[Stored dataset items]

------

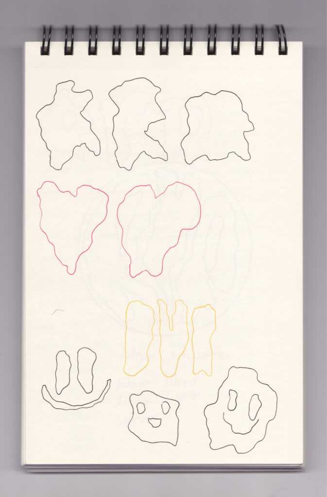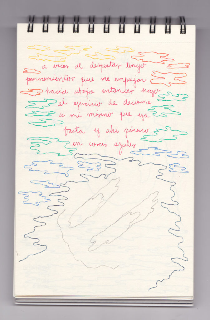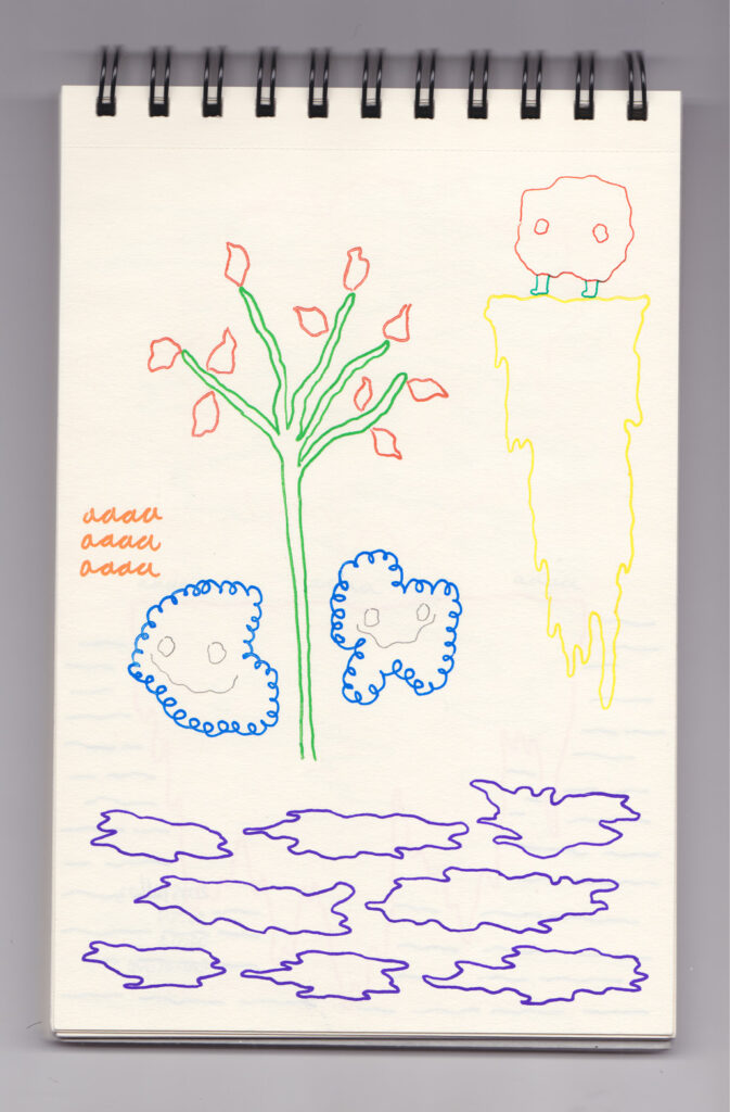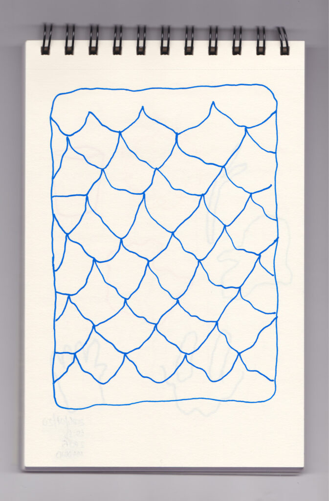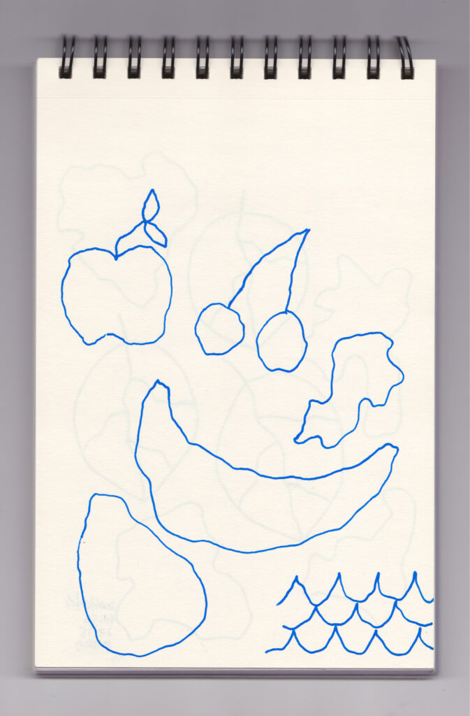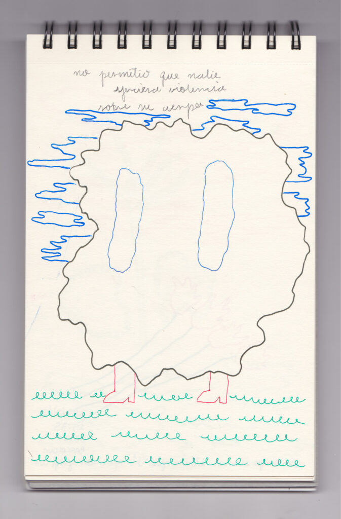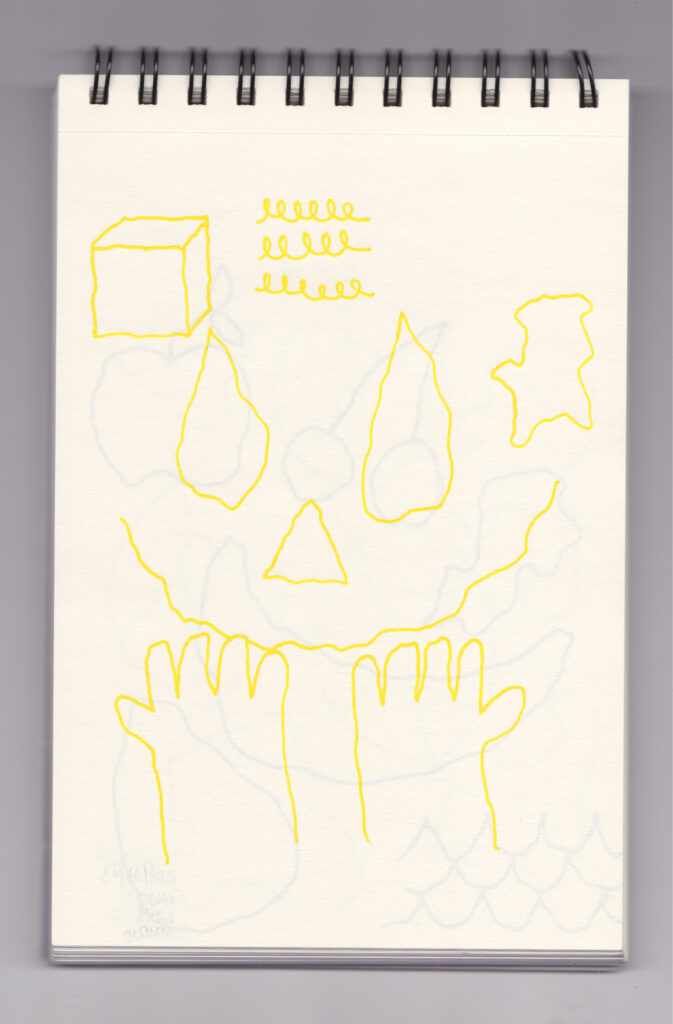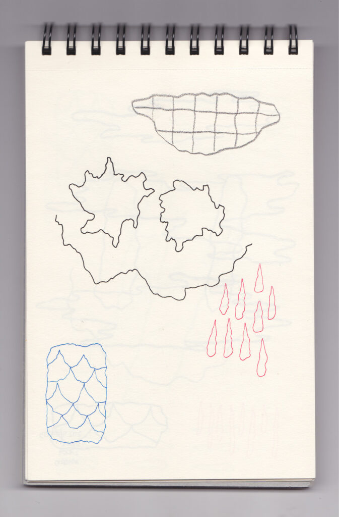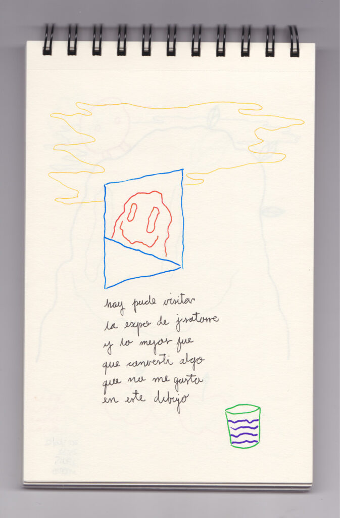 Igual que Libreta de dibujos 01, esta libreta reúne 60 dibujos realizados entre el 17 de julio de 2024 y el 9 de septiembre de 2025. No responden a una idea fija, sino que surgen del deseo de experimentar con distintas técnicas sobre papel. Son registros espontáneos que aparecen cuando no pienso.
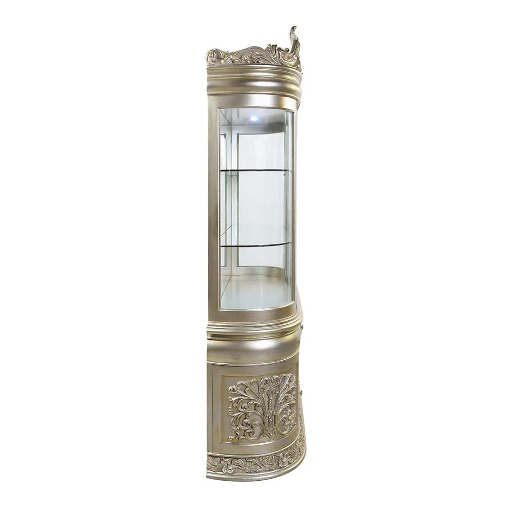 Cree un punto focal funcional y opulento con el gabinete de curiosidades Sorina, un mueble majestuoso, encantador y accesible. Con acabados en oro y plata, el gabinete brilla con un toque de glamour, con un panel trasero de espejo y una corona superior. Tras las dos puertas de vidrio con marco de madera se encuentran dos estantes de vidrio que ofrecen amplio espacio para exhibir y guardar todas sus posesiones más preciadas.
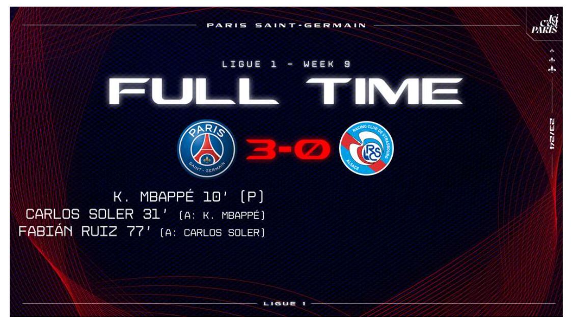 PSG와 스트라스부르 경기 결과 : 3-0 승리
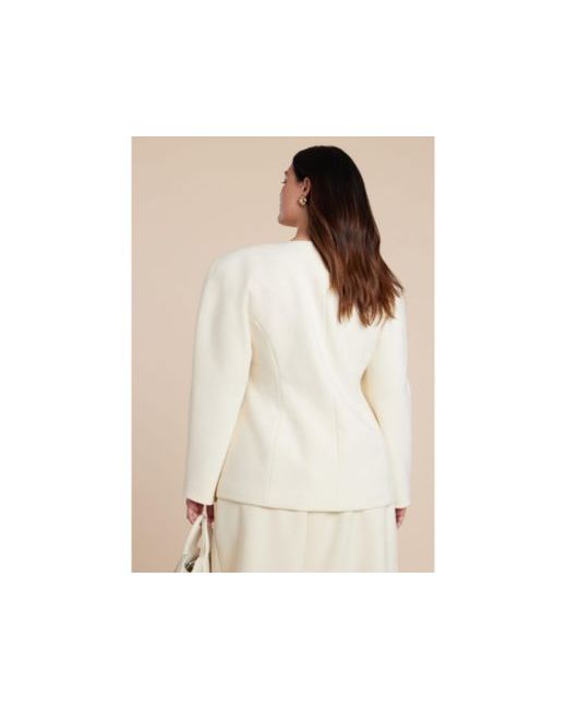 Make a confident impression in this hourglass blazer designed with sculpted lines. Tapered dolman sleeves, shoulder pads, and sleek lines deliver modern tailoring.99% Polyester 1% Spandex. Tailored fit. Fully lined. Single breasted snap closure. Long, dolman sleeve. Shoulder pads. Functional welt pockets. Hits below the hip30 1/2" from highest point of shoulder on size 18Non-stretch twill. Dry clean.
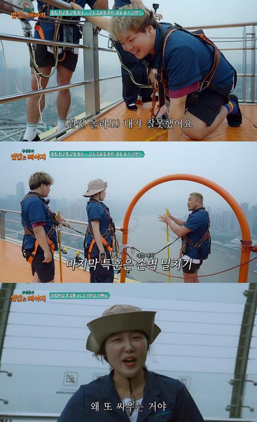이날 고소공포증이 있는 곽준빈은 아찔한 풍경이 내려다보이는 스카이 브리지 청소에 적응하지 못해 추성훈의 도움을 받는다.
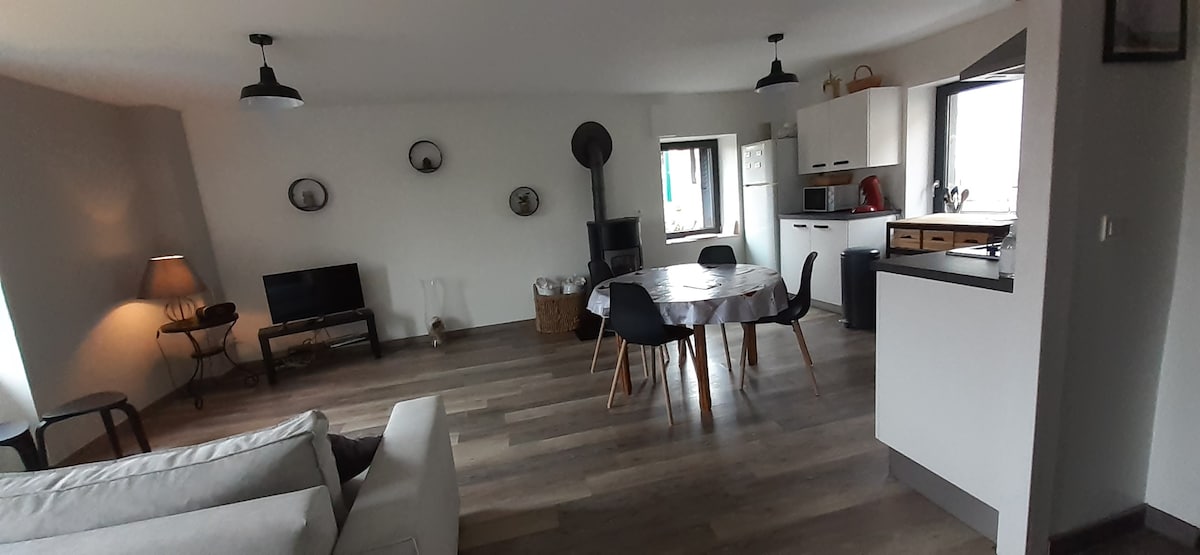 Квартира на першому поверсі будинку власників, окремий вхід, розташований в трьох кілометрах від села, відкритий вид на вершини Канталь, дуже тихе місце. Кухня обладнана (холодильник, індукційна варильна панель, кавоварка, кавоварка, посудомийна машина, духовка та мікрохвильова піч). Басейн доступний у сонячні дні (басейн не опалюється). Можна з домашніми тваринами, але територія не огороджена, і за необхідності я надаю ковдру для дивана.
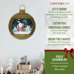 24 In. Christmas Musical Ornament Shadowbox With Santa Scene, Cascading Snow And Holiday Songs
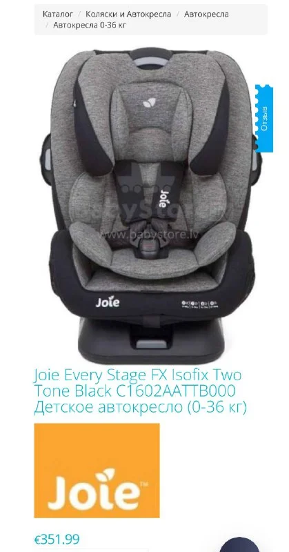 Продаю многоступенчатое автокресло Joie Every Stage FX, модель C1602 (0–36 кг / до 12 лет).
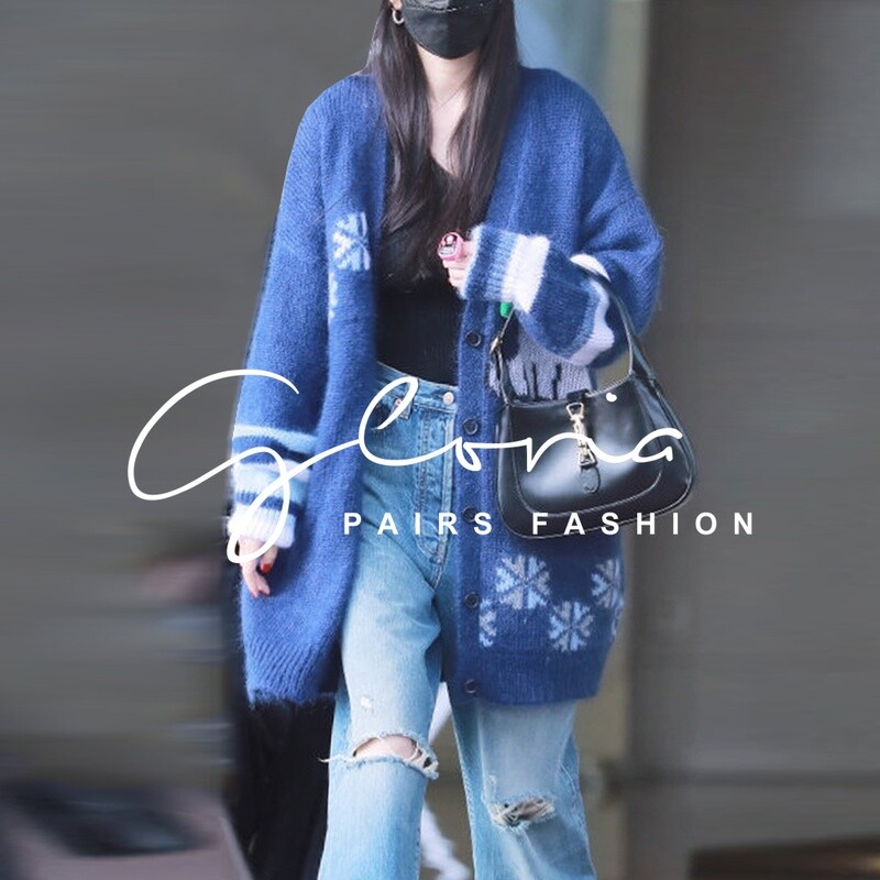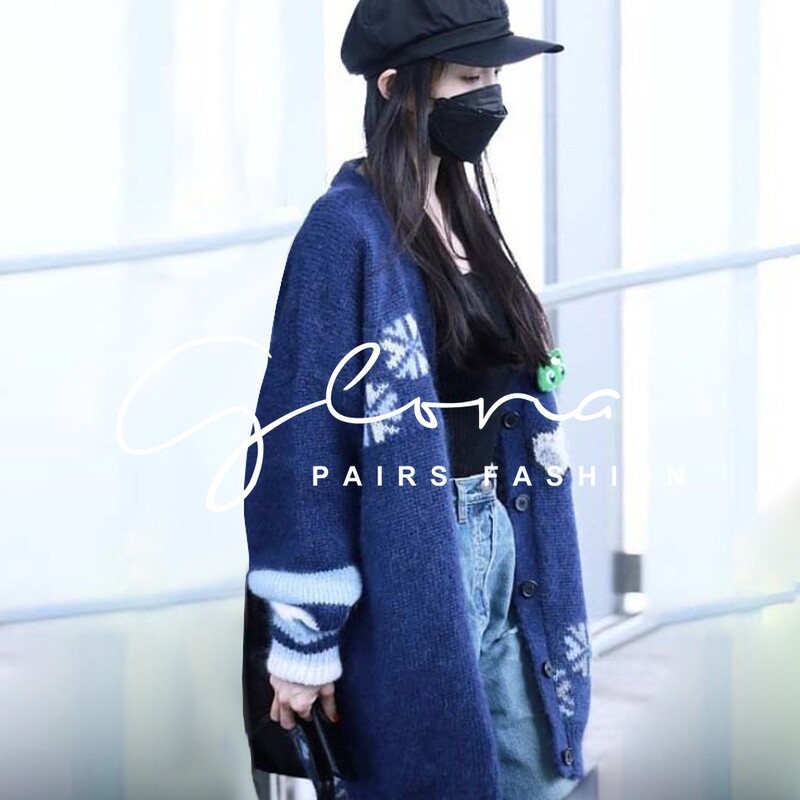 Sandro duffy Yang Mi same polar bear cardigan knitted sweater women's spring lazy style loose sweater outer wear
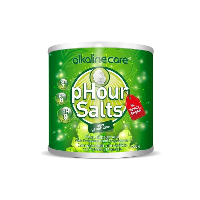 pHour Salts es una combinación única de cuatro potentes sales carbonatadas (bicarbonato de sodio, carbonato de magnesio, bicarbonato de potasio y bicarbonato de calcio), que ayuda a mantener el diseño alcalino del cuerpo humano, plantas y otros organismos vivos.
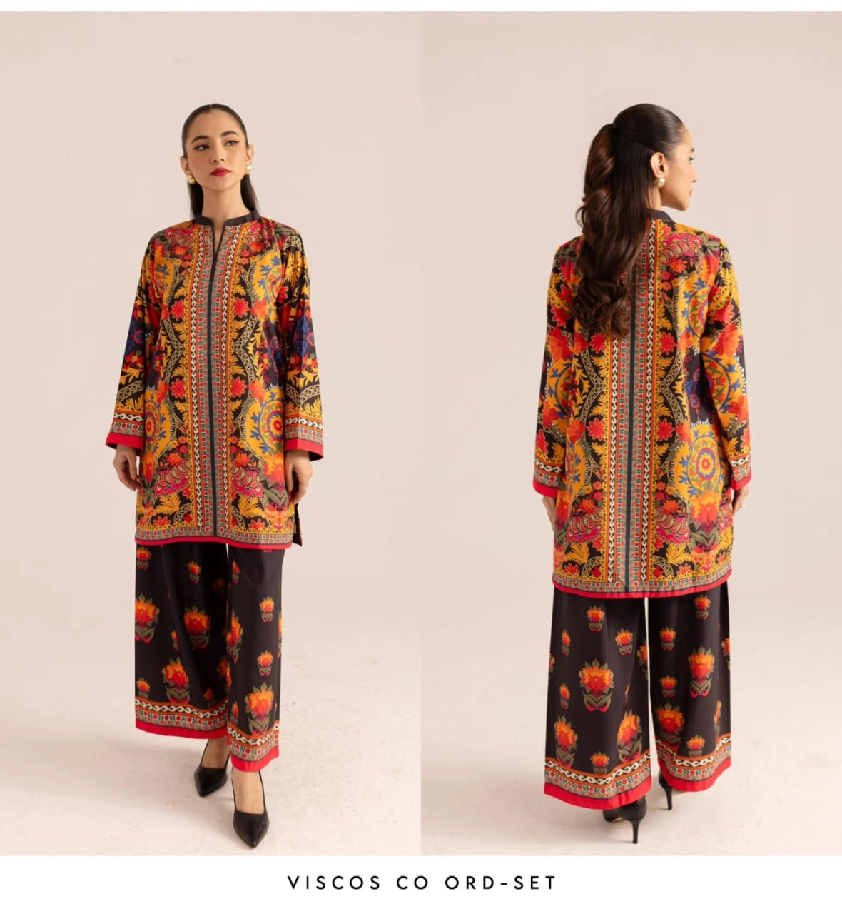 This is a Viscos Co Ord-Set. The set features a vibrant and intricate design, perfect for adding a pop of colour to your wardrobe. It's a stylish and comfortable outfit!
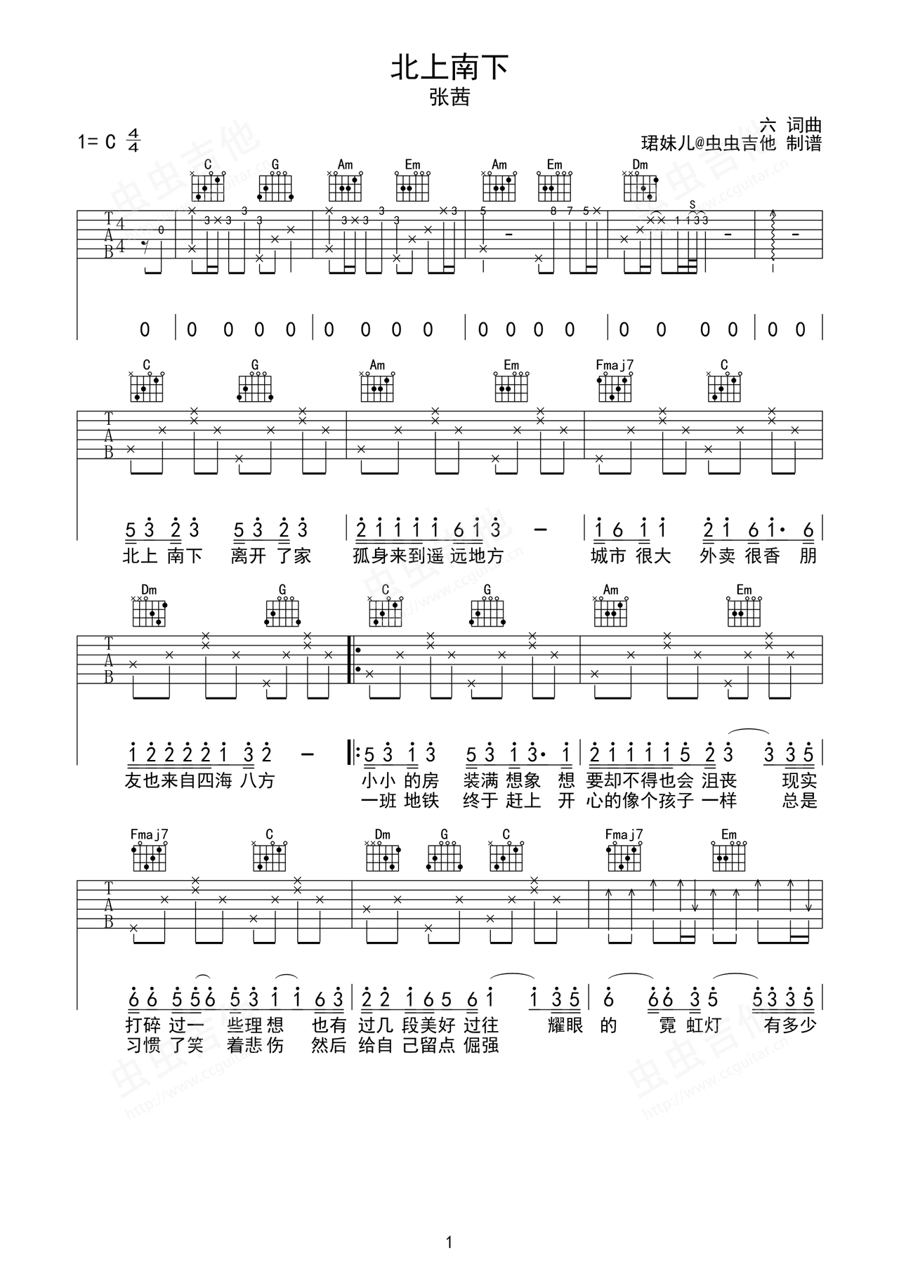 北上南下吉他谱-弹唱谱-c调-虫虫吉他
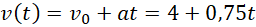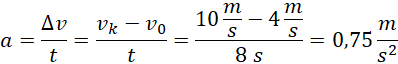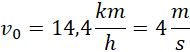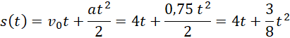 Wiedząc, że samochód poruszając się ruchem jednostajnie przyspieszonym zwiększa swoją szybkość od 14,4 km/h do 36 km/h w czasie 8 sekund, zapisz wzory na drogę i szybkość tego samochodu w zależności od czasu.
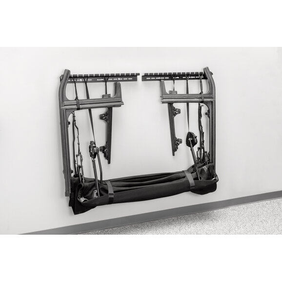 This soft top wall-mount storage rack is an absolute lifesaver. I usually just have my soft top laying on the ground prop-3d up against the wall. But now it is up and out of the way. The mount is high-quality, heavy-duty steel and will have no problems securely holding your soft top, along with all windows. Installation is straightforward, with all the necessary hardware and detailed instructions included. Even with just basic shop tools, I had it mounted in no time.
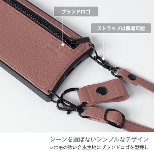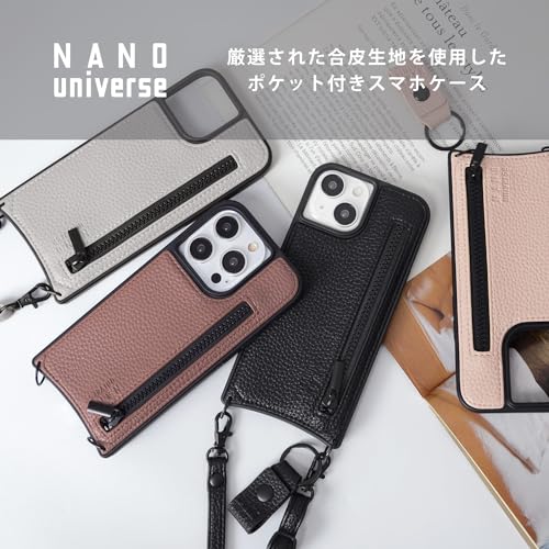 【 nano・universe 正規品 】 iPhone15 Pro 対応 ケース 「 ロングストラップ ポケット付き背面ケース 」ナノユニバース 小物収納 カード入れ付き アイフォン15プロ用 iPhone 15Pro用 ブランド スマホケース (ピンクブラウン)

------

EXERCISE AIM: Please copy every entry exactly, without the pictures.

RESULT OF THE TASK:
 Igual que Libreta de dibujos 01, esta libreta reúne 60 dibujos realizados entre el 17 de julio de 2024 y el 9 de septiembre de 2025. No responden a una idea fija, sino que surgen del deseo de experimentar con distintas técnicas sobre papel. Son registros espontáneos que aparecen cuando no pienso.
 Cree un punto focal funcional y opulento con el gabinete de curiosidades Sorina, un mueble majestuoso, encantador y accesible. Con acabados en oro y plata, el gabinete brilla con un toque de glamour, con un panel trasero de espejo y una corona superior. Tras las dos puertas de vidrio con marco de madera se encuentran dos estantes de vidrio que ofrecen amplio espacio para exhibir y guardar todas sus posesiones más preciadas.
 PSG와 스트라스부르 경기 결과 : 3-0 승리
 Make a confident impression in this hourglass blazer designed with sculpted lines. Tapered dolman sleeves, shoulder pads, and sleek lines deliver modern tailoring.99% Polyester 1% Spandex. Tailored fit. Fully lined. Single breasted snap closure. Long, dolman sleeve. Shoulder pads. Functional welt pockets. Hits below the hip30 1/2" from highest point of shoulder on size 18Non-stretch twill. Dry clean.
이날 고소공포증이 있는 곽준빈은 아찔한 풍경이 내려다보이는 스카이 브리지 청소에 적응하지 못해 추성훈의 도움을 받는다.
 Квартира на першому поверсі будинку власників, окремий вхід, розташований в трьох кілометрах від села, відкритий вид на вершини Канталь, дуже тихе місце. Кухня обладнана (холодильник, індукційна варильна панель, кавоварка, кавоварка, посудомийна машина, духовка та мікрохвильова піч). Басейн доступний у сонячні дні (басейн не опалюється). Можна з домашніми тваринами, але територія не огороджена, і за необхідності я надаю ковдру для дивана.
 24 In. Christmas Musical Ornament Shadowbox With Santa Scene, Cascading Snow And Holiday Songs
 Продаю многоступенчатое автокресло Joie Every Stage FX, модель C1602 (0–36 кг / до 12 лет).
 Sandro duffy Yang Mi same polar bear cardigan knitted sweater women's spring lazy style loose sweater outer wear
 pHour Salts es una combinación única de cuatro potentes sales carbonatadas (bicarbonato de sodio, carbonato de magnesio, bicarbonato de potasio y bicarbonato de calcio), que ayuda a mantener el diseño alcalino del cuerpo humano, plantas y otros organismos vivos.
 This is a Viscos Co Ord-Set. The set features a vibrant and intricate design, perfect for adding a pop of colour to your wardrobe. It's a stylish and comfortable outfit!
 北上南下吉他谱-弹唱谱-c调-虫虫吉他
 Wiedząc, że samochód poruszając się ruchem jednostajnie przyspieszonym zwiększa swoją szybkość od 14,4 km/h do 36 km/h w czasie 8 sekund, zapisz wzory na drogę i szybkość tego samochodu w zależności od czasu.
 This soft top wall-mount storage rack is an absolute lifesaver. I usually just have my soft top laying on the ground prop-3d up against the wall. But now it is up and out of the way. The mount is high-quality, heavy-duty steel and will have no problems securely holding your soft top, along with all windows. Installation is straightforward, with all the necessary hardware and detailed instructions included. Even with just basic shop tools, I had it mounted in no time.
 【 nano・universe 正規品 】 iPhone15 Pro 対応 ケース 「 ロングストラップ ポケット付き背面ケース 」ナノユニバース 小物収納 カード入れ付き アイフォン15プロ用 iPhone 15Pro用 ブランド スマホケース (ピンクブラウン)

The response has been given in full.